■ Source data:

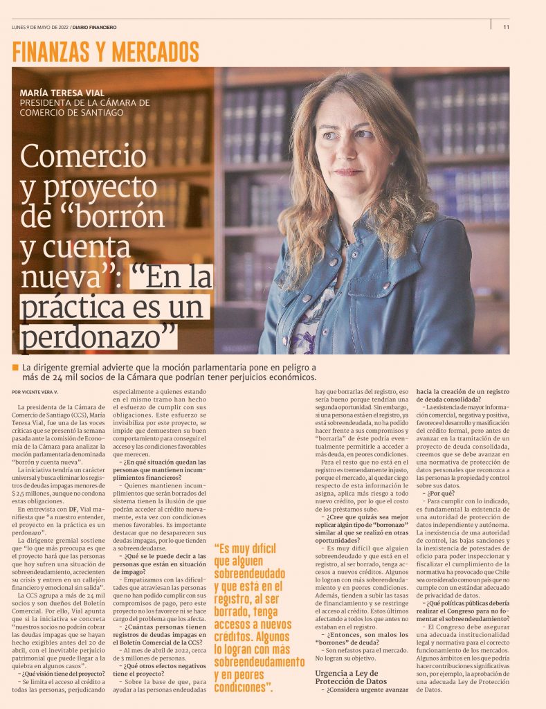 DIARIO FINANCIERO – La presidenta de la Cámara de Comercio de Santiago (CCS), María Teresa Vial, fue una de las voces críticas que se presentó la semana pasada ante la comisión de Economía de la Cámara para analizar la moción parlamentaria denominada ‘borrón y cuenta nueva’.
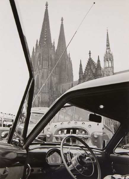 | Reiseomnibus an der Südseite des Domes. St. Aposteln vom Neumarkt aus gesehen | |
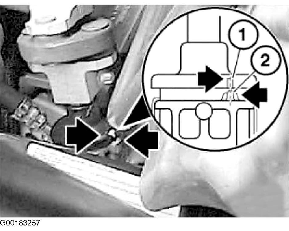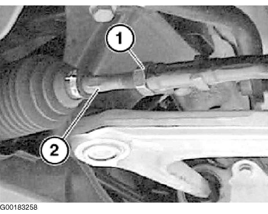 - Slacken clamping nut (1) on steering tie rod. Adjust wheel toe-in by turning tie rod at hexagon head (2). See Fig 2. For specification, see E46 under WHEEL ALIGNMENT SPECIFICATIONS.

■ About this exercise: If you see a picture in the listing, skip it while copying everything else exactly.

■ Reply to the exercise:
 DIARIO FINANCIERO – La presidenta de la Cámara de Comercio de Santiago (CCS), María Teresa Vial, fue una de las voces críticas que se presentó la semana pasada ante la comisión de Economía de la Cámara para analizar la moción parlamentaria denominada ‘borrón y cuenta nueva’.
 | Reiseomnibus an der Südseite des Domes. St. Aposteln vom Neumarkt aus gesehen | |
 - Slacken clamping nut (1) on steering tie rod. Adjust wheel toe-in by turning tie rod at hexagon head (2). See Fig 2. For specification, see E46 under WHEEL ALIGNMENT SPECIFICATIONS.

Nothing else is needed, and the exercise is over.